What such a narrative has no room for is their sheer volume, or the unavoidable emotional heft of their songs. This energy and abandon is even more obvious when one experiences them live, particularly in the cramped confines of the Spiegeltent. With each song they seemed to grow, their bodies elongating till they became pale giants, towering above the diminished crowd.
Indeed, the closer you are to Girlpool the more their music makes sense; as though you have gone from facing them to standing by their side, making right flip to left. Songs like the tender and gently tormented ‘Dear Nora’ took on an added level of power live, and grungy solos broke out like spot fires, with reverb-drenched guitar adding immediacy to a song like ‘Before The World Was Big’. Harmony Tividad and Cleo Tucker revealed themselves to be performers of the highest order, dancing in stiff-legged circles around each other, their stunted waltz an oddly powerful addition to the music.
Not even a false start or an ongoing battle with a faulty cable could stop them: oddly, such flaws only contributed to their music. Girlpool’s tunes are, after all, deeply rooted in the language of frailty and failure, filled with a heady mix of self-loathing and longing that some critics have mistakenly identified as being unique to adolescents.

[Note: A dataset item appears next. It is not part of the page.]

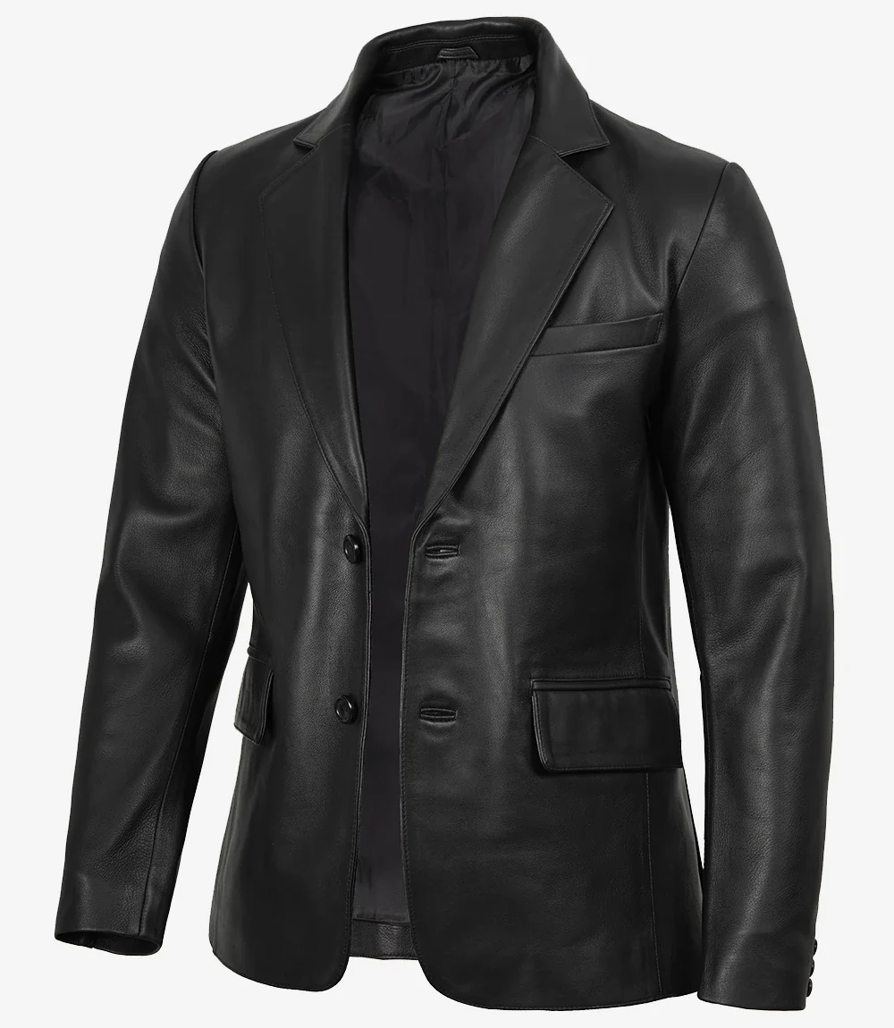 Blazer en cuir noir à deux boutons pour homme – Revers cranté

After all, songs like ‘Cherry Picking’ and the heartbreaking ‘I Like That You Can See It’ are written in a universal tongue. Though they may have had some in the Spiegeltent reflecting back on their own misspent youth, this reviewer was struck by how closely his own thoughts and desires aligned with those belonging to a pair of musicians he has never met hailing from a country he has never visited. This is the power of their music, and indeed the power of all great music: with each song, they embedded themselves in the life of total strangers, blowing out a private world until it stretched the length of a universe.